How does Italy celebrate Easter? Discover every tradition | ELLCI (original) (raw)

how does italy celebrate easter

08 Apr

Easter: How does Italy celebrate this festivity?

Posted at 12:30h in Arts & culture

Easter is one of the most important holidays of the year in Italy, it marks the beginning of warm-season and outdoor activities. Popular festivals, village festivals, concerts, religious rites and processions are just some of the events organized during this period.

This year Easter falls high. The Easter date is variable since it coincides with the Sunday following the spring full moon. According to this rule, it is said that Easter is low if it falls from 22 March to 2 April, average from 3 to 13 April, high from 14 to 25 April.

How does Italy celebrate Easter? From north to south, especially the Good Friday Passion has inspired numerous and heartfelt rituals that include processions, re-enactments and staging.

Find out how Italy celebrates Easter

The celebrations of Easter begin the previous Sunday, to remember the triumphant entry of Jesus into Jerusalem, which was welcomed by the waving of palm leaves. On this day it is not uncommon to see families and children returning home with olive branches blessed in the church (in the absence of palm trees).

Thus begins the Holy Week during which various rites are held. Thursday remembers the recurrence of the Last Supper and of the “Eucharistic celebration”.

Good Friday is the day of Via Crucis: the streets light up with torches and are crossed by processions that retrace the process, the ordeal and the death of Jesus.

On Saturday at midnight, the bells announce the Resurrection. Sunday is the most important day, Lent, the long period of fasting, is over: colorful eggs, dove-shaped cakes and chocolate eggs are distributed. The egg, symbol of life that renews itself and hopes for fruitfulness, is connected to the meaning of Easter as the feast of spring and the awakening of nature.

In Italy, the so-called Monday of the Angel -Easter Monday – Little Easter or Pasquetta – is the last day of celebration. It remembers the meeting of the winged messenger with the women who came to the empty tomb. It became a public holiday in the national calendar only after World War II, to prolong the spring break. Since then the use of out-of-town and open-air excursions has spread.

This year thanks to the high Easter, spring holidays are very close.

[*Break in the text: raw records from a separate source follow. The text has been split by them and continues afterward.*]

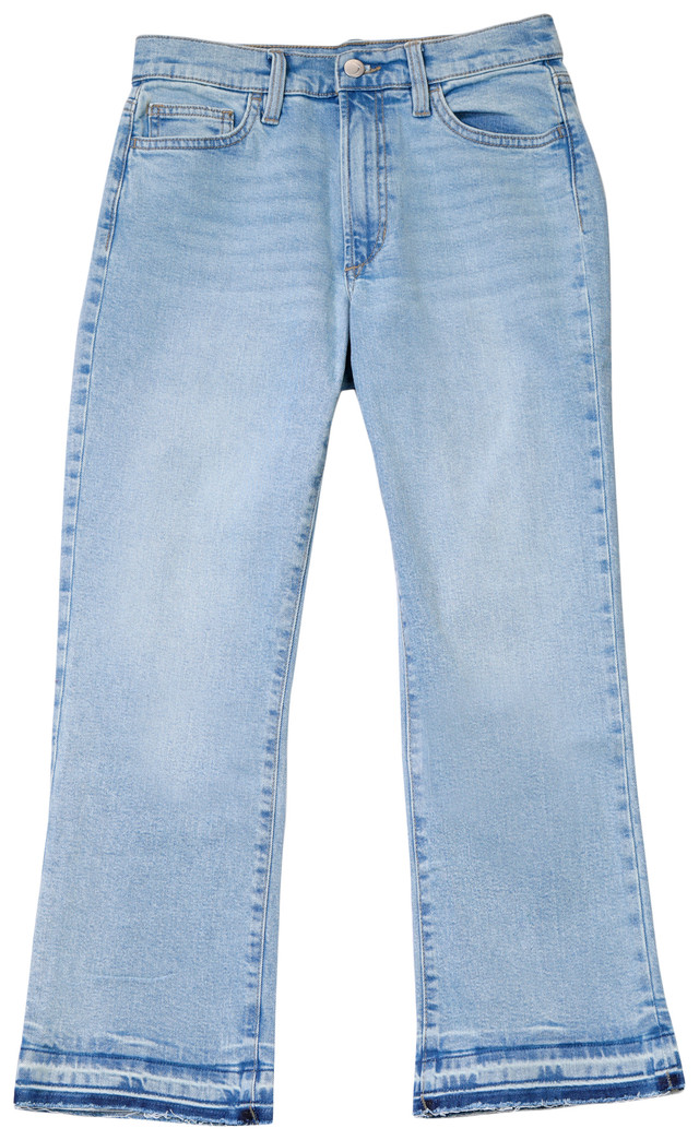 Add effortless boho style with the Womens High Rise Bootcut Released Hem Jeans. Featuring a relaxed high rise fit, cropped bootcut silhouette, and basic five pocket design, these jeans offer a small amount of stretch for comfort. The released distressed hem adds a trendy, casual touch, perfect for pairing with tees, blouses, or ankle boots. Inseam measures approximately 26 in. Fabrication is 99% cotton 1% elastane.
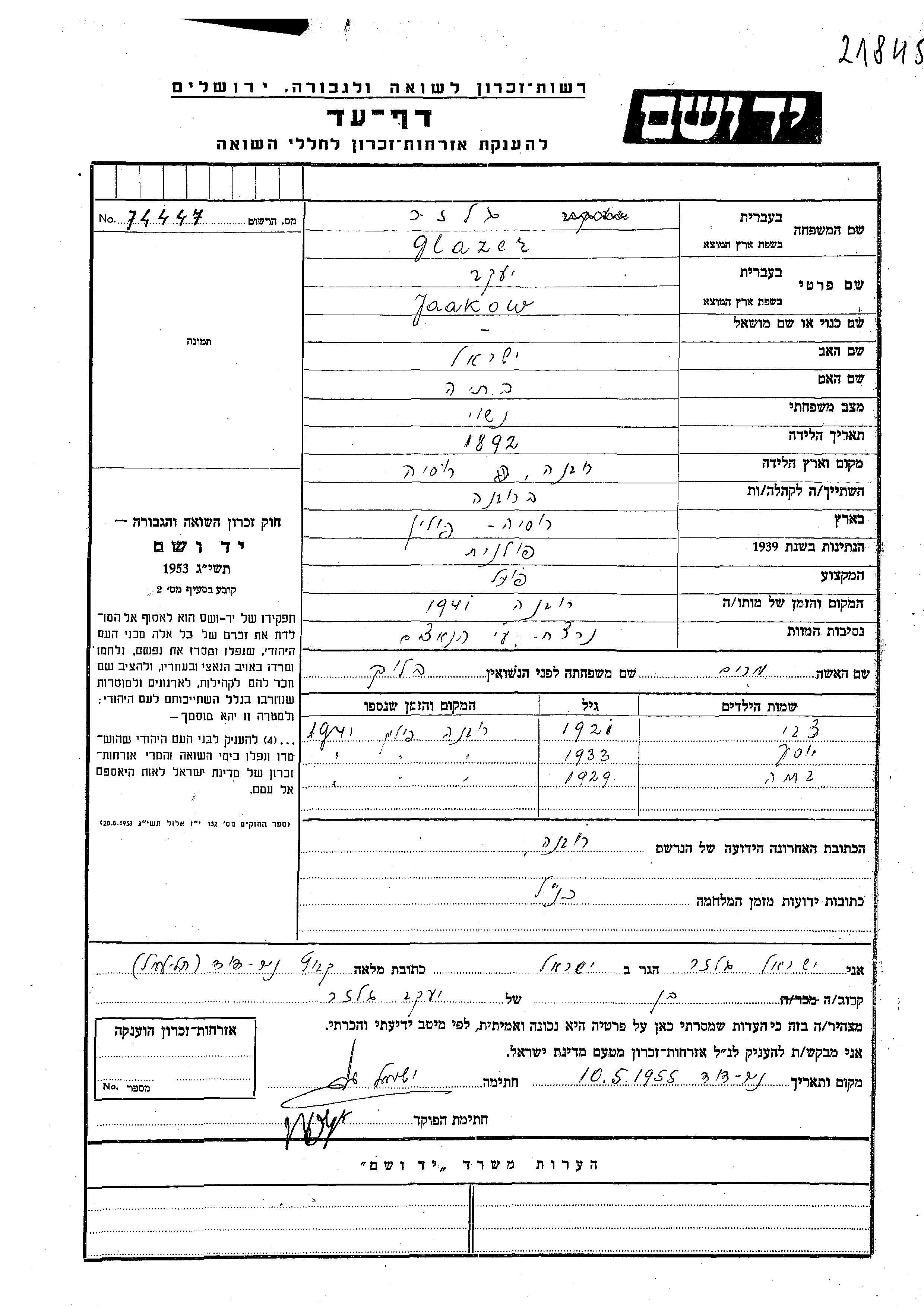 Glazer Avraham 1929 Rowno, Polen Gedenkblatt
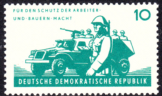 Auf dieser Marke aus Österreich (MiNr 1659) zum Jubiläum "25 Jahre Österreichisches Bundesheer" trägt der symbolisch dargestellte Soldat in der Mitte des Markenbildes einen Stahlhelm.
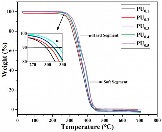 Table 2 provides the initial decomposition temperatures of the five polyurethanes at mass losses of 5% and 10%, denoted by T5% and T10%, respectively. Obviously, the thermal stability gradually increased with the increase of TMP content. T5% and T10% of PU0.1 were only 280 and 298 °C, while those of PU0.5 were up to 310 and 326 °C, increases of 10.7% and 9.39%, respectively. This lied in that as the amount of TMP added increased, the content of junctions in polyurethane increased, and the arrangement of hard segment microregion became more regular, which gave the polyurethane more reticular crosslinking structures that could improve the heat resistance of the material [34,35].

Easter celebration can thus become a long vacation if they are linked to April 25th long weekend and May 1st.

Those who stay or visit Italy are spoiled for choice among the many traditions and costumes that can be admired in every city and village.

But what makes Easter so distinctive in every city of Italy?

Easter in Italy: Bormio

Easter in Italy: Bormio

In Bormio, we find the tradition of the Pasquali: the parade of allegorical floats adorned with flowers and moss brought by young people in traditional costume.

In the center-north, we find instead Easter celebrations whose protagonist is the egg: the Sagra and the Palio dell’uovo in Tredozio with games, battles and parades of allegorical floats.

The dove is the protagonist of the famous celebration of the Scoppio del Carro in Florence, which dates back to the time of the first crusade. On Easter Sunday a mechanical dove hits a cart in front of the Duomo of Florence, thus lighting the fireworks contained in the cart.

Easter in Italy: Firenze

Firenze

Sicily is rich in ancient local rituals and customs where masked characters parade through the streets of the cities. Among the most suggestive we find the Real maestranza in Caltanissetta which dates back to the Spanish domination, the procession of the Mysteries in Trapani and the celebrations in Prizzi and Adrano, an eighteenth-century tradition handed down from father to son.

Trapani

Trapani

Finally, not to be missed in Rome, the evocative Via Crucis of the Pope that reaches the Colosseum.